Abdur Rouf Talukder is a senior Bangladeshi government official who has served as the Governor of Bangladesh Bank since July 2022. Prior to becoming Governor he served as the Senior Secretary of the Ministry of Finance. He previously served as a director of Biman Bangladesh Airlines.

Early life 
Talukder was born on 15 August 1964 in Sirajganj District, Present day Bangladesh.

Education
He completed his Master's in Business Administration from the Institute of Business Administration of the University of Dhaka. He has a second master's degree in development studies from the University of Birmingham.
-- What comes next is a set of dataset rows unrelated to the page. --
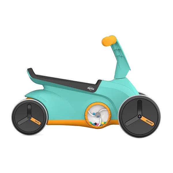 An integrated game on the side provides a playful introduction to the GO. No child can resist such an enticing game. Four large wheels give the GO stability, ensuring that your child can safely get on, ride, and get off, and the BERG walking car won’t tip over.
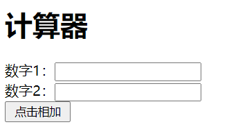 <body><form action="calc/sum" method="post"><h1>计算器</h1>数字1:<input name="num1" type="text"><br>数字2:<input name="num2" type="text"><br><input type="submit" value=" 点击相加 "></form>
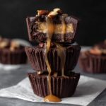 Indulge in these rich and luscious Caramel Chocolate Cups, featuring a creamy coconut milk caramel filling with a hint of vanilla, nestled in a decadent vegan dark chocolate shell. Topped with maple-glazed pecans, these sweet treats combine smooth textures and deep flavors perfect for plant-based dessert lovers.
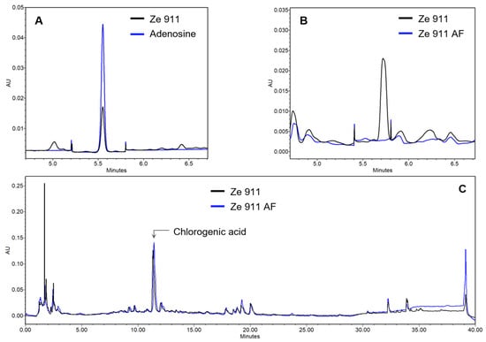 Identification and removal of adenosine from Ze 911 by UPLC. (A) Identification of adenosine in Ze 911 by UPLC with PDA detection at 254 nm. (B) Overlayed chromatogram demonstrating the absence of the adenosine peak in the Ze 911 AF, confirming the successful removal of adenosine. (C) Qualitative comparison of the native and adenosine-free Ze 911 extracts using UPLC-PDA at 254 nm, showing no significant differences in the chromatographic fingerprints.
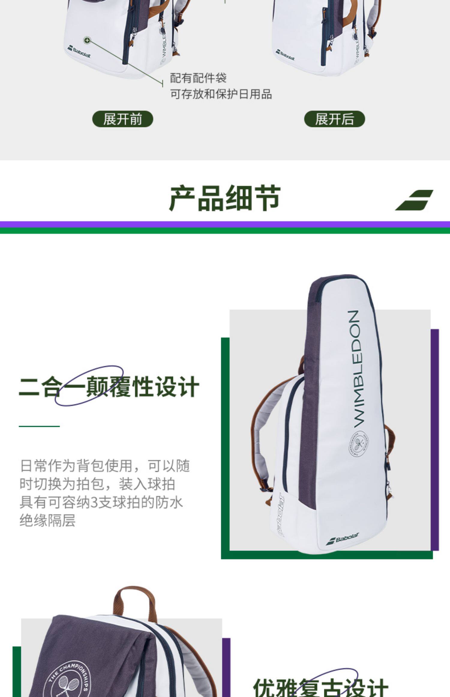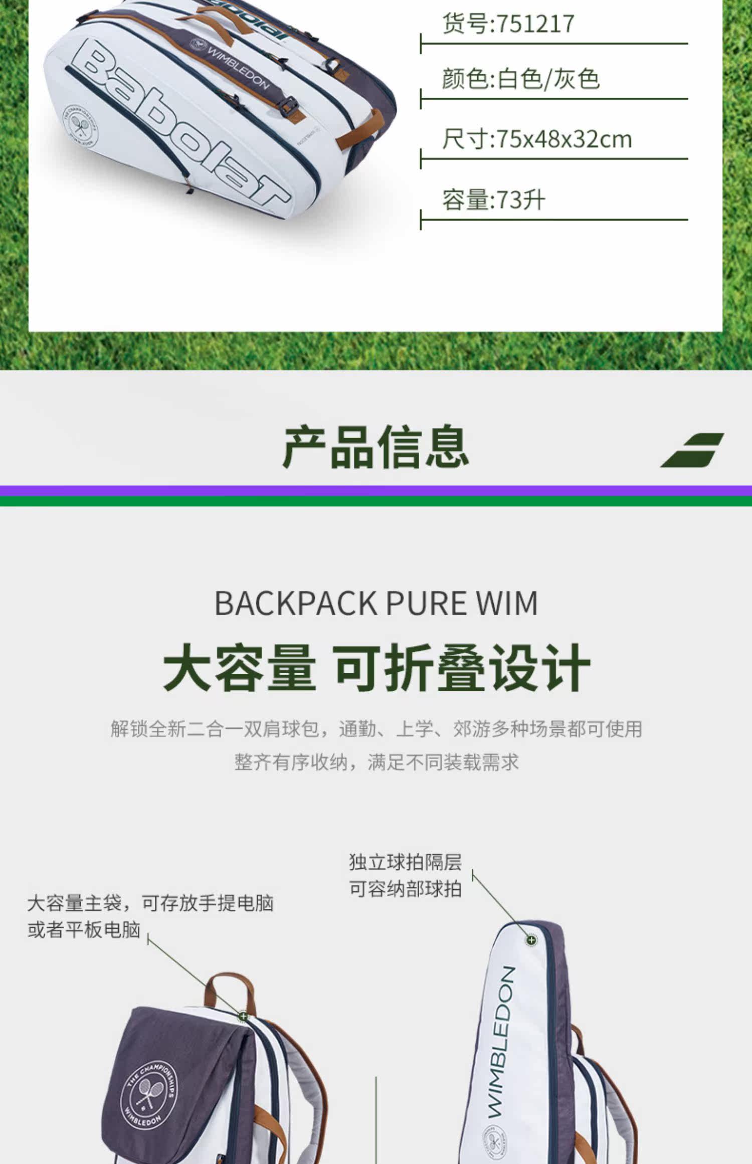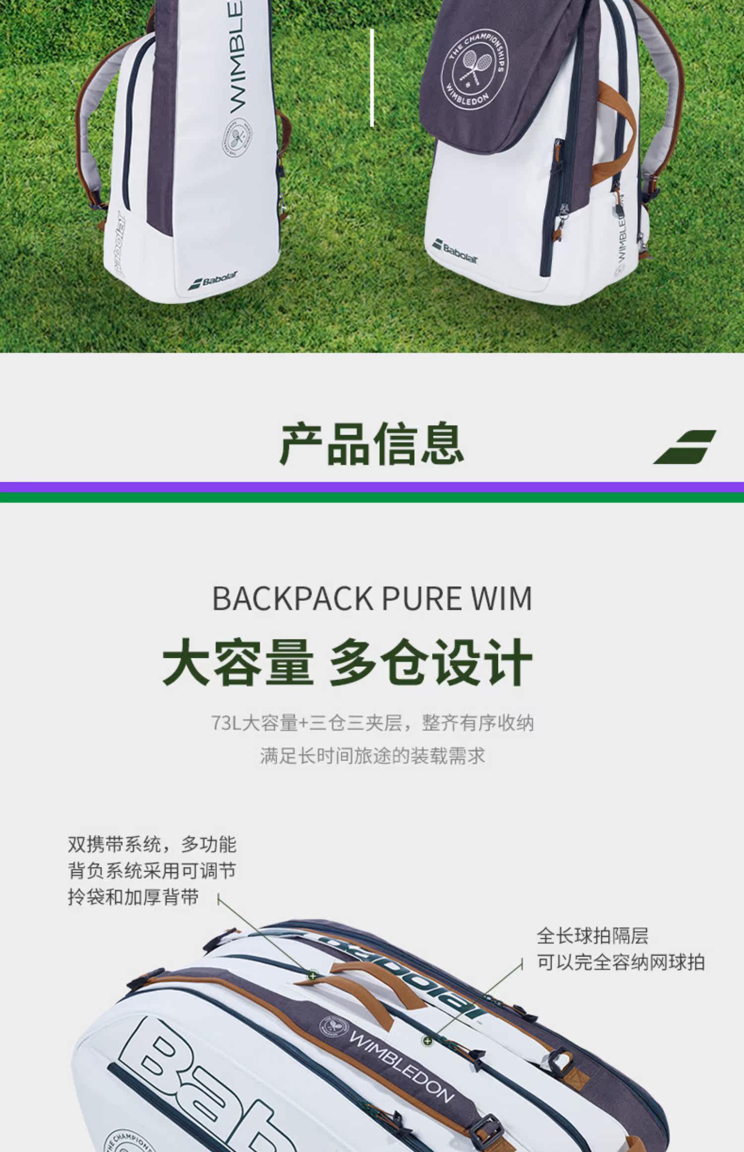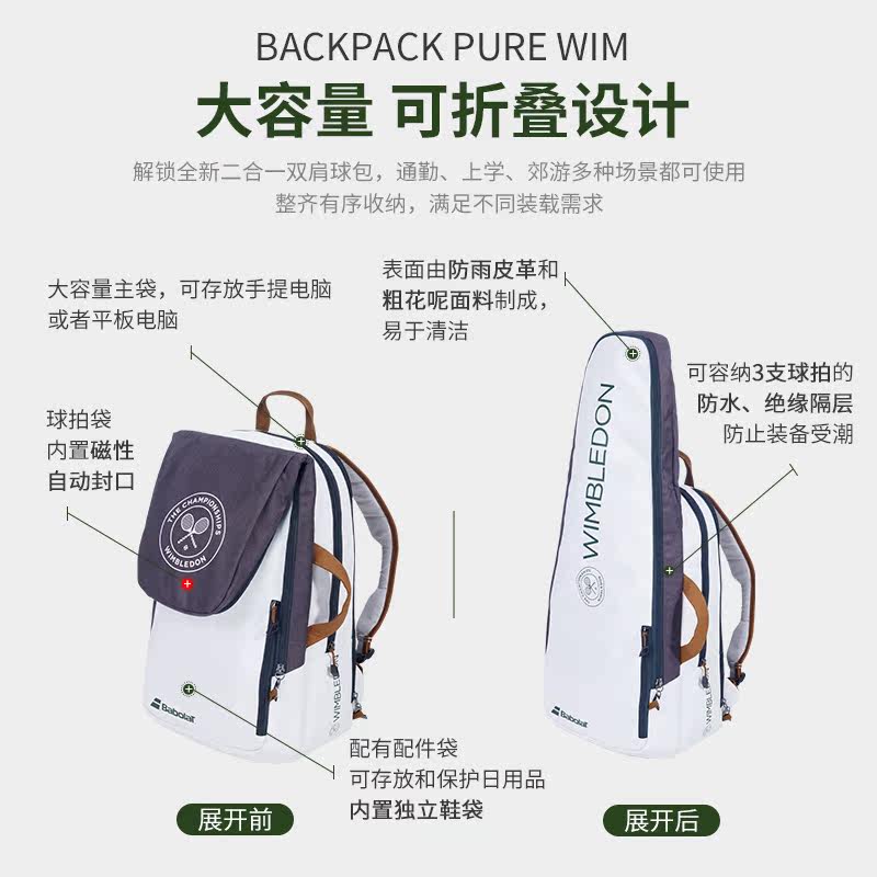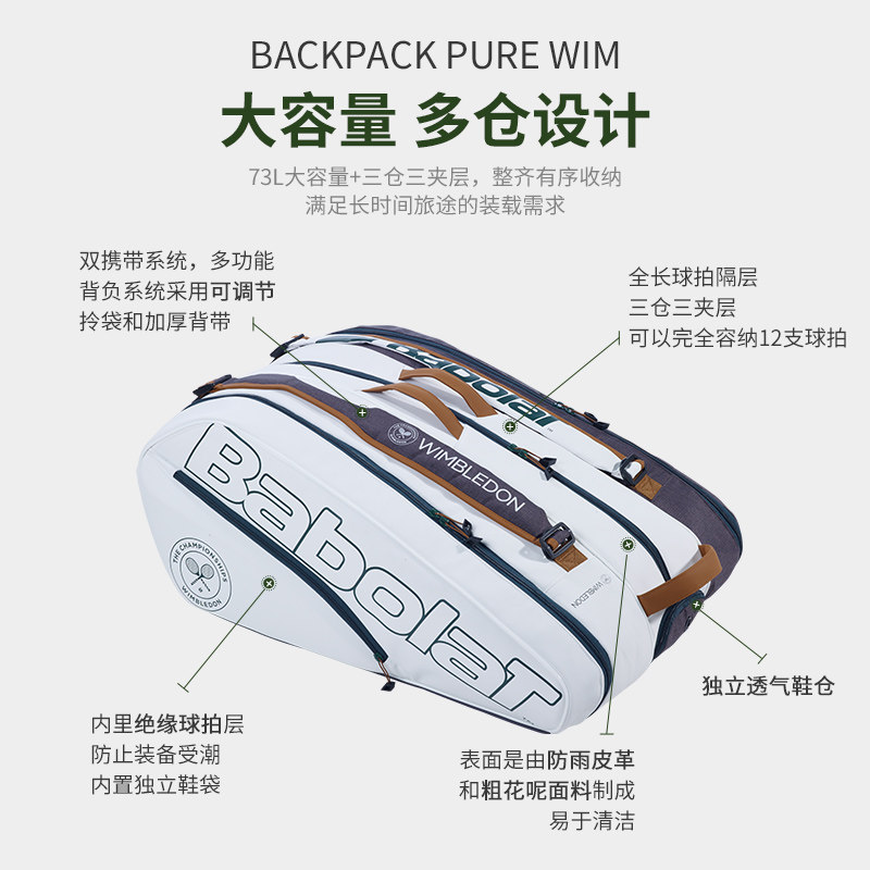 Babolat Baibaoli Tennis Sack Bag Back Wimbledon рюкзак Pure Wim2023 New Memorial

In addition, he attended a number of professional training courses at Harvard Kennedy School of Government, Boston, USA; IMF Institute, Washington DC, USA; Crown Agents Training & Professional Development Center, London, UK; Institute of Public Finance (IPF), Dhaka, etc.

He is married to Selina Rawshan and has two children.

Career 
Talukder joined the Bangladesh Civil Service in 1985. He was a member of Bangladesh Civil Service Administration Cadre.

In October 2017, Talukder was appointed the additional secretary of budget and macroeconomics in the Finance Division of the Ministry of Finance.

Talukder was appointed the acting secretary of the Ministry of Finance on 16 July 2018. He replaced Mohammad Muslim Chowdhury.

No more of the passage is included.